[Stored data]
---

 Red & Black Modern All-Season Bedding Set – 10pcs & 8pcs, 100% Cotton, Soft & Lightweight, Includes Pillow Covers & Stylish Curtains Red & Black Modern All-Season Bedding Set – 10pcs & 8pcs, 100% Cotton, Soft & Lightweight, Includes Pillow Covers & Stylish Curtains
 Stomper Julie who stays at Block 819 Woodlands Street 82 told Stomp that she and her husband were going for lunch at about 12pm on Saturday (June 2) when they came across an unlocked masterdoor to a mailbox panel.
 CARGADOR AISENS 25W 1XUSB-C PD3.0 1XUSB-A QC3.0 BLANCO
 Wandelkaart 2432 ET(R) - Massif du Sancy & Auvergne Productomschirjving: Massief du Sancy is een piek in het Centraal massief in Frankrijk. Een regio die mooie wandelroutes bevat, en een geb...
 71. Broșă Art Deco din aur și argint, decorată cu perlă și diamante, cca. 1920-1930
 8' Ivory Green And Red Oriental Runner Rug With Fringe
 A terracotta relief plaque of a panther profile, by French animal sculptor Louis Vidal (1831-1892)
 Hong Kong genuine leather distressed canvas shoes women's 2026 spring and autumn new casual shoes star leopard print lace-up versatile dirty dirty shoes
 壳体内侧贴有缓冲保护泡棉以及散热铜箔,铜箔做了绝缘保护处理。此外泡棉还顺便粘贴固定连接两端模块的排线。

---

[Activity]: Return each entry exactly. Leave none out.

[Output below]:
 Red & Black Modern All-Season Bedding Set – 10pcs & 8pcs, 100% Cotton, Soft & Lightweight, Includes Pillow Covers & Stylish Curtains Red & Black Modern All-Season Bedding Set – 10pcs & 8pcs, 100% Cotton, Soft & Lightweight, Includes Pillow Covers & Stylish Curtains
 Stomper Julie who stays at Block 819 Woodlands Street 82 told Stomp that she and her husband were going for lunch at about 12pm on Saturday (June 2) when they came across an unlocked masterdoor to a mailbox panel.
 CARGADOR AISENS 25W 1XUSB-C PD3.0 1XUSB-A QC3.0 BLANCO
 Wandelkaart 2432 ET(R) - Massif du Sancy & Auvergne Productomschirjving: Massief du Sancy is een piek in het Centraal massief in Frankrijk. Een regio die mooie wandelroutes bevat, en een geb...
 71. Broșă Art Deco din aur și argint, decorată cu perlă și diamante, cca. 1920-1930
 8' Ivory Green And Red Oriental Runner Rug With Fringe
 A terracotta relief plaque of a panther profile, by French animal sculptor Louis Vidal (1831-1892)
 Hong Kong genuine leather distressed canvas shoes women's 2026 spring and autumn new casual shoes star leopard print lace-up versatile dirty dirty shoes
 壳体内侧贴有缓冲保护泡棉以及散热铜箔,铜箔做了绝缘保护处理。此外泡棉还顺便粘贴固定连接两端模块的排线。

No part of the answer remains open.